Sysmex Europe GmbH announced today that LYNOAMP CK19 E , part of OSNATM  method using a molecular biological technique for cancer diagnostics, is the first Sysmex product to be certified by a notified body under the new European In Vitro Diagnostic Medical Devices Regulation (IVDR)  on 4 June 2021.
IVDR demands greater clinical evidence and a more stringent review of technical documentation and supporting evidence. Manufacturers of in vitro diagnostic medical devices are obliged under IVDR to obtain a notified body certification of the technical documentation and quality management system for their devices.
Since IVDR enforcement in May 2017, Sysmex has been working tirelessly to rapidly respond to the new regulation and to promptly obtain the IVDR certification for its products. The efforts are recognised with this first major milestone when the company acquired IVDR certification in Europe from the notified body TÜV SÜD Product Service GmbH for LYNOAMP CK19 E as a risk class C in vitro diagnostic medical device.

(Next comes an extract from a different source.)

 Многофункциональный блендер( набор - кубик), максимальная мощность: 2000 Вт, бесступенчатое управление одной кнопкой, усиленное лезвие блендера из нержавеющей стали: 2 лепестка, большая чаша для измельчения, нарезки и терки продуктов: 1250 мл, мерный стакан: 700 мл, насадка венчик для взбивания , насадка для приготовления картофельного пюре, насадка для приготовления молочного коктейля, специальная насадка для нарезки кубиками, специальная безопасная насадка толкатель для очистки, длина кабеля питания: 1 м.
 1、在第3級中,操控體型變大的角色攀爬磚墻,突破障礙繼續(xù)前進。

“This is a significant achievement for Sysmex and confirms our position as front-runners in the IVD industry with our prompt response to the latest changes in the European regulatory landscape,” says Alain Baverel, President & CEO at Sysmex Europe.

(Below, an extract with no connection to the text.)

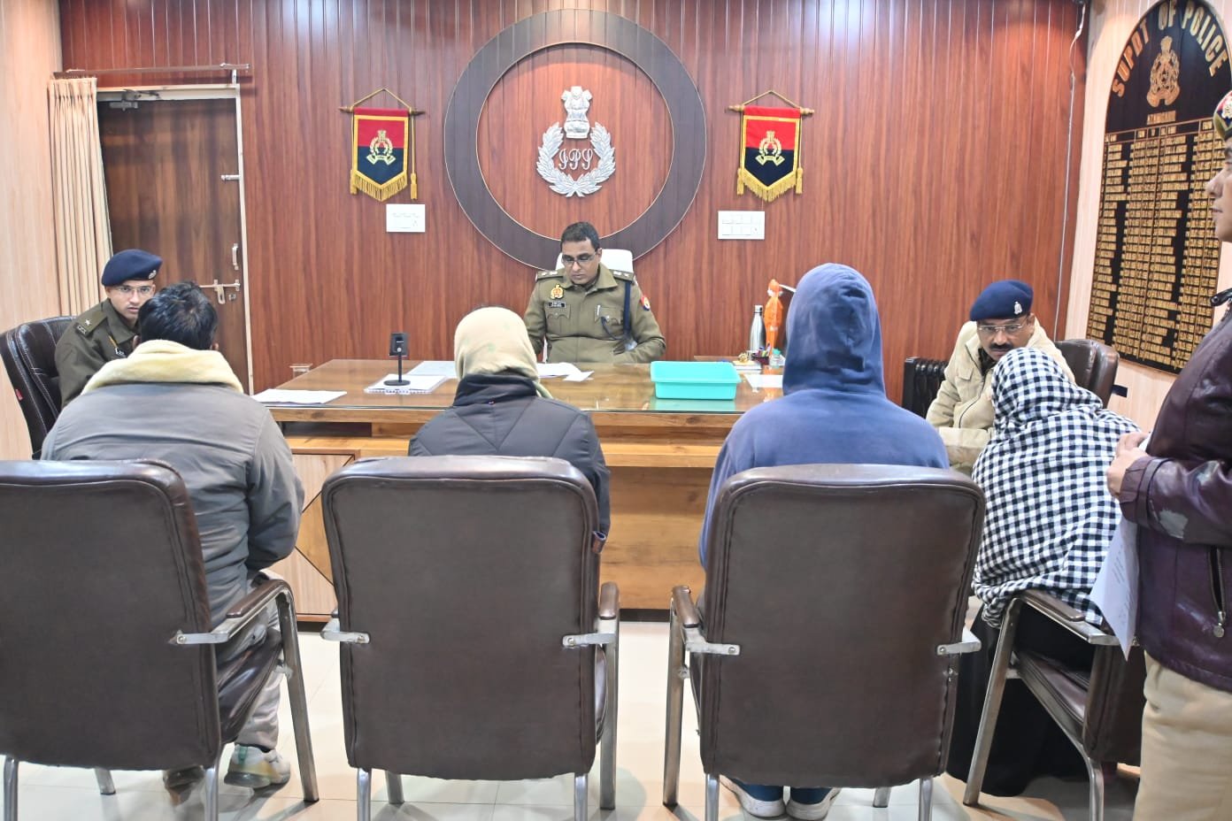 ➡️ *वरिष्ठ पुलिस अधीक्षक आजमगढ़ डॉ0 अनिल कुमार द्वारा प्रशिक्षणाधीन एएसपी श्री प्रेमसुख दरिया व क्षेत्राधिकारी बूढ़नपुर श्री अजय प्रताप सिंह* के साथ पुलिस कार्यालय आजमगढ़ में आयोजित जनसुनवाई के दौरान आमजन की समस्याओं को गंभीरता से सुना गया।

“The level of scrutiny that a risk class C, IVD product such as LYNOAMP CK19 E is under is enormous. The biggest step is taken, and we have paved the way,” continues Samantha Giangregorio, Vice President Life Science at Sysmex Europe.
Going forward, Sysmex confirms its commitment and diligence in acquiring IVDR-mandated certification for required IVD products in the European market, and to continue to contribute to healthcare by providing high-quality, high-medical-value products to customers.
- LYNOAMP CK19 E:
In vitro diagnostic reagent kit for quantification of CK19 mRNA in surgically removed lymph node(s) lysate of breast, colorectal and gastric cancer patients.
Abbreviation for One-Step Nucleic Acid Amplification. An in vitro diagnostic test of metastasis size and metastatic tumour burden in the lymph node(s) of cancer patients.
In Vitro Diagnostic Medical Devices Regulation (IVDR):
Also referred to as Regulation (EU) 2017/746, the IVDR is the new EU regulation that applied to the marketing, sales and distribution of in vitro diagnostic medical devices and accessories for human use in the European market.